Patrick Henry College’s Distinguished Chair in Journalism and Public Policy held court across campus in a whirlwind week of interviews and workshops.

In his first official week as Patrick Henry College’s new journalism professor and Distinguished Chair in Journalism and Public Policy, Dr. Marvin Olasky treated the campus to a stimulating array of personalized events and appearances, highlighted by a week-long interview series with prominent lawmakers, policymakers and authors. It all took place in the stylish intimacy of the Barbara Hodel Center Coffee house on the Patrick Henry College campus, and by week’s end, the roster of newsmakers included U.S. Senator Jim DeMint (R-SC), U.S. Representative Trent Franks (R-AZ), Sagamore Institute President Jay Hein, Christian author Ann Voskamp, and Baylor history professor Thomas Kidd.

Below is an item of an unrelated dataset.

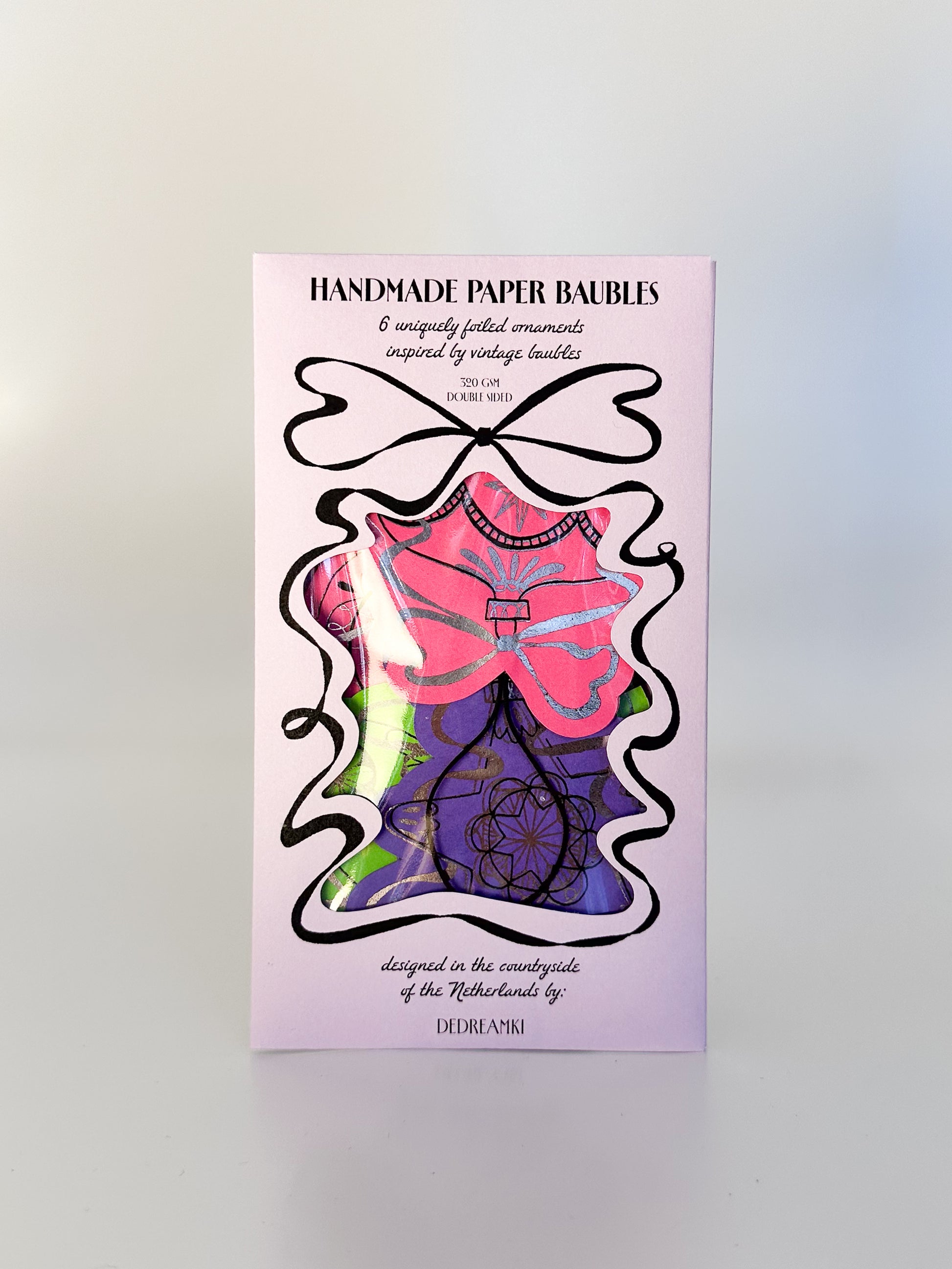 Bring a touch of christmassy nostalgia to your home with these "Handmade Paper Baubles": a set of 6 unique ornaments inspired by the timeless beauty of vintage Christmas baubles. Handcrafted from start to finish in the countryside of the Netherlands.
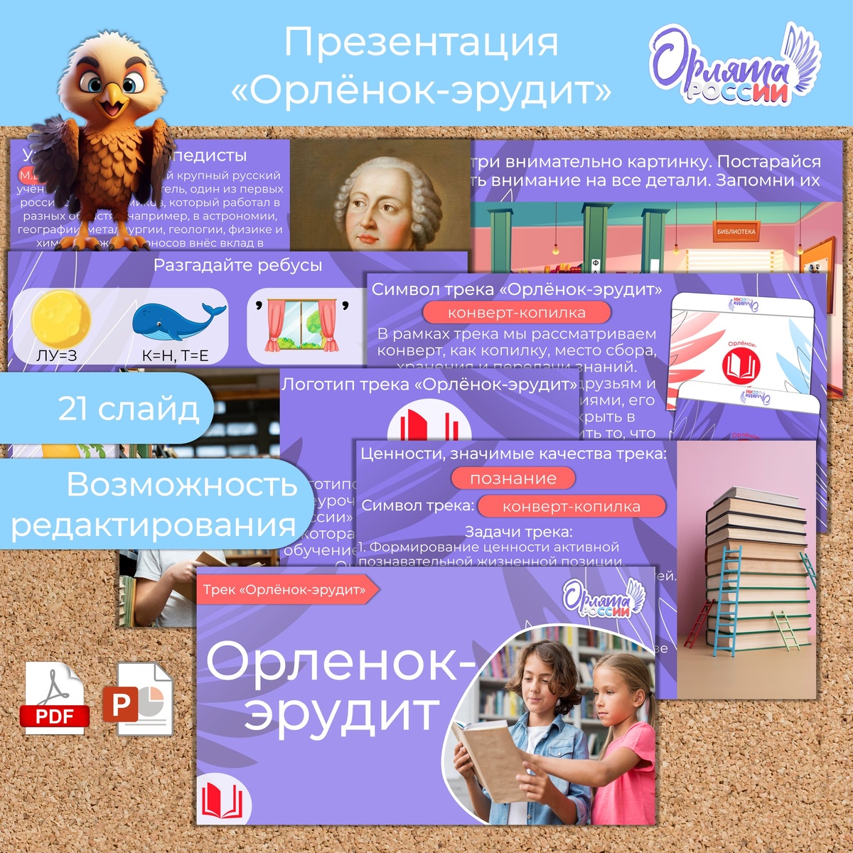 Презентация «Орленок-эрудит» для внеурочной деятельности «Орлята России». Трек «Орленок-эрудит» для обучающихся 1-4 классов. Презентация включает в себя 21 слайд. Помимо теоретической части презентация содержит практические задания. Презентация сопровождается красочными иллюстрациями. Содержится анимация. Содержание: Презентация в формате PPTX и PDF. Есть возможность редактирования.

What was billed as WORLD Magazine Week at Patrick Henry College drew students, faculty, staff, and visitors from the local community to the Hodel Center’s cafĂ© tables and booths, as they listened intently and joined in stirring discussions about everything from the state of the union to challenges confronting homeschooling moms?

While on the Patrick Henry College campus, Olasky also shared his testimony in a fascinating and humorous chapel message detailing chapters of his early life and journalistic career, when he was a practicing atheist and Communist. Each day saw him holding court at points across the Patrick Henry College campus, teaching journalism classes, sharing post-interview luncheons with distinguished guests and students and filming tutorials for upcoming distance learning classes. He and his wife, Susan, a writer and editor for WORLD Magazine and assistant professor of public policy at Patrick Henry College, also met with and mentored a half-dozen student interns who will be writing for WORLD and its various online editions.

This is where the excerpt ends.